Not really about solving the performance problems but rather about finding them first.
The “There are items missing data for more than 10 minutes” is one of the default triggers in recent zabbix installation and it indicates a problem with your queue (zabbix has no queue btw, just like there is no spoon :). So you click on “Administration” and then on “Queue” and discover that “More than 10 minutes” column on one of the rows or maybe more than one is very red indeed.
And from here you are stuck, you cannot know what are the items zabbix fails to update data for. At least I did not find a more convenient way to do that than just selecting a list from database. Why it is not a clickable option in zabbix interface I cannot say.
I’ve missed the drop-down in the top-right corner of the Administration->Queue screen. There is the “Details” option available that will show what’s exactly in the queue. Or there is still the database way described below.
What you have to look for in database? Unsurprisingly, the field names are not exactly what you’d expect from the GUI. The ones that interest us are:
- hosts.status – which you have to filter on 0, which means active host
- items.status – same as above, has to be 0
- items.lastclock – this is the last update timestamp I suppose.

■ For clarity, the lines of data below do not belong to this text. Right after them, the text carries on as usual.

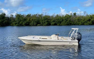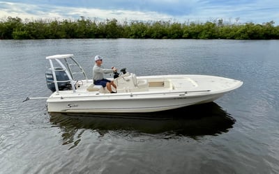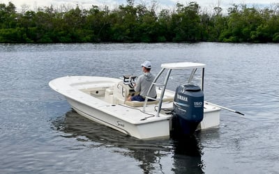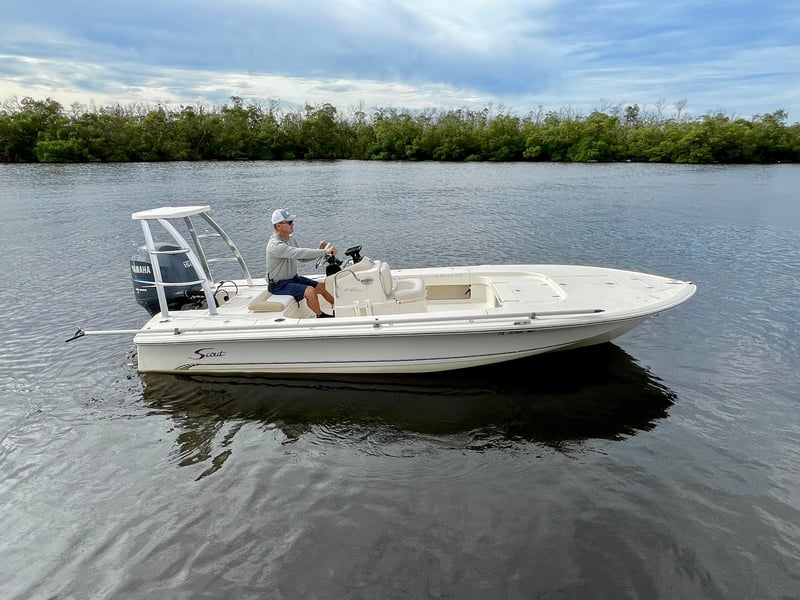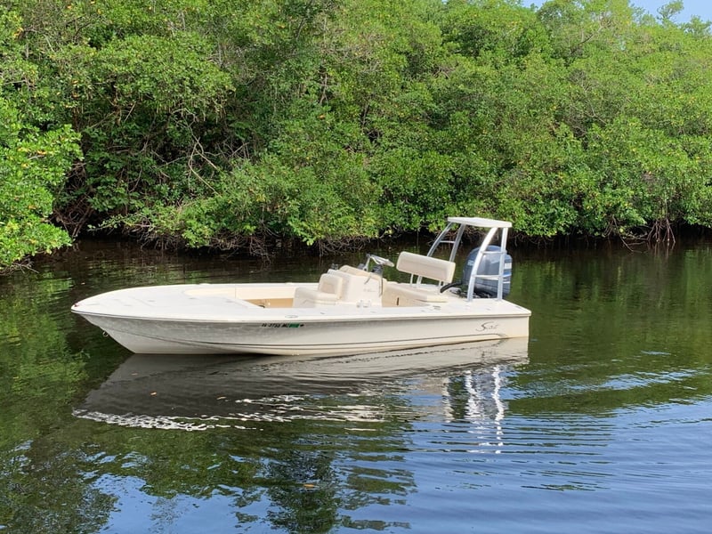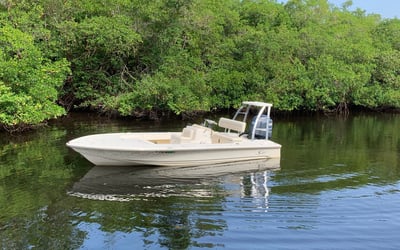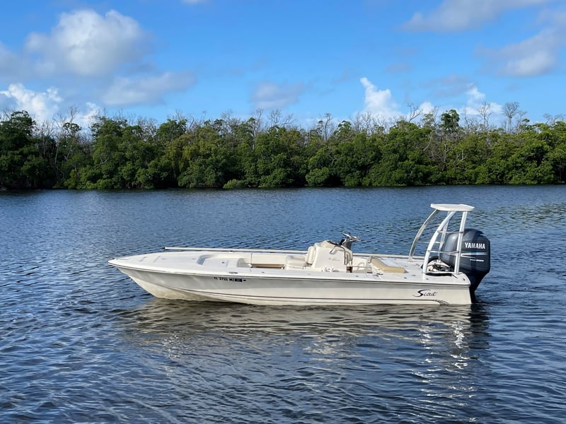 Experience a versatile 19′ Scout Flats boat, perfect for fly fishing adventures with friends or family. Enjoy flexible rental options and explore scenic waterways.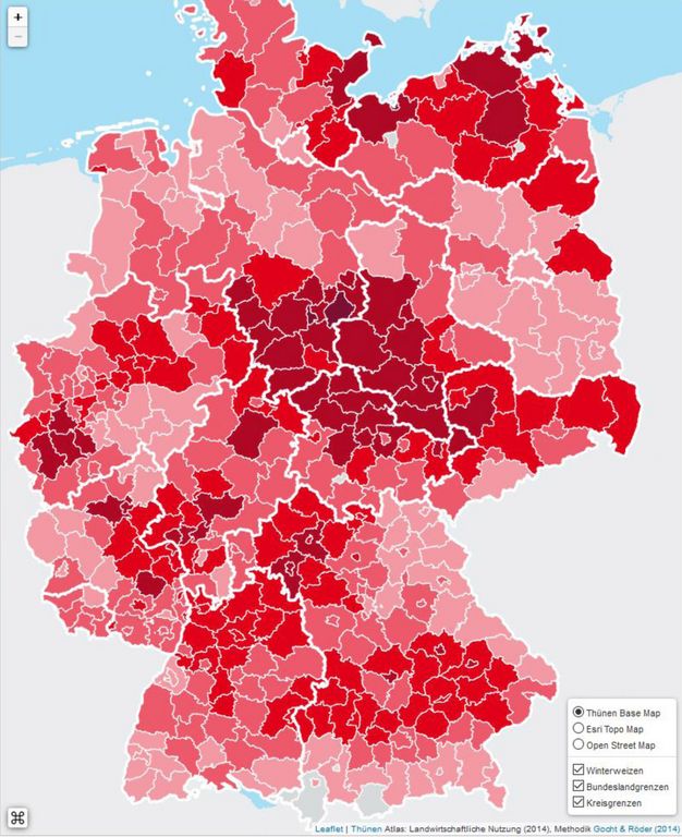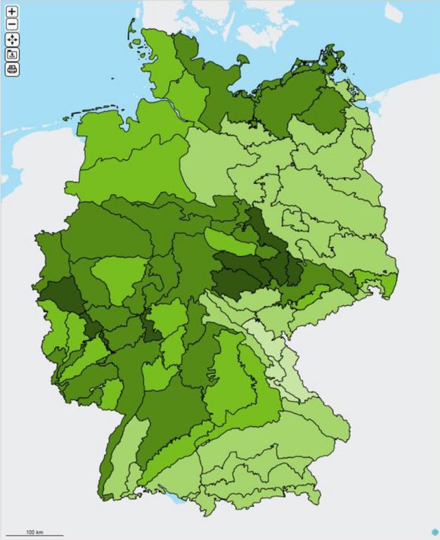 Seit gut einem Jahr macht das Thünen-Institut Daten zur Landnutzung und Tierhaltung in Deutschland bis auf Gemeindeebene in digitalen Kartensätzen öffentlich zugänglich. Auf der Seite thuenen-atlas.de können Internetnutzer sich nach unterschiedlichen Anbaukulturen oder Tierarten aufgeschlüsselt den räumlich hochaufgelösten Datensatz anzeigen lassen, der auf einer am Thünen-Institut entwickelten Schätzmethode beruht. Nun ist der Thünen-Atlas zur landwirtschaftlichen Nutzung um Karten zu Wäldern und Waldnutzung erweitert worden.
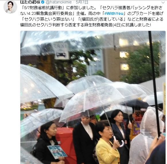 女性記者へのセクハラを報じられ財務事務次官を辞任した福田淳一氏について、麻生太郎財務相が「『セクハラ罪』という罪はない」と発言したことを巡り、女性団体関係者らが7日、東京・霞が関の財務省前や札幌、京都市内に集まり、一斉に抗議の声を上げた。

- items.delay – which is the update period in seconds
To find the items that where not properly update for more than 10 minutes I should select all active items ( hosts.status and items.status are both equal to 0) that have their last update timestamp more than delay seconds+10 minutes in the past. Which works for me like this:
h.status AS hstatus,
i.hostid,
h.name AS host,
i.name AS item,
i.status
FROM items i
LEFT JOIN hosts h
ON h.hostid=i.hostid
WHERE
UNIX_TIMESTAMP()-lastclock > delay+(10*60)
AND
( h.status = 0 AND i.status = 0 );
Something similar to the above should give you something similar to the below:
| hstatus | hostid | host | item | status |
+---------+--------+--------+------------------------------------------------------+--------+
| 0 | 10057 | MyHost | DB Pool DataSource MaxActive | 0 |
| 0 | 10057 | MyHost | DB Pool DataSource MaxIdle | 0 |
| 0 | 10057 | MyHost | DB Pool DataSource MaxWait | 0 |
| 0 | 10057 | MyHost | DB Pool DataSource MinIdle | 0 |
| 0 | 10057 | MyHost | DB Pool DataSource NumActive | 0 |
Skip ......
+---------+--------+--------+------------------------------------------------------+--------+
178 rows in set (0.01 sec)
Where do you go from here? that really depends on many factors. Firstly it depends on what type of items are these. Understanding who is actually collecting and sending them will be the first step. Then you can probably proceed to understanding what prevents a timely update.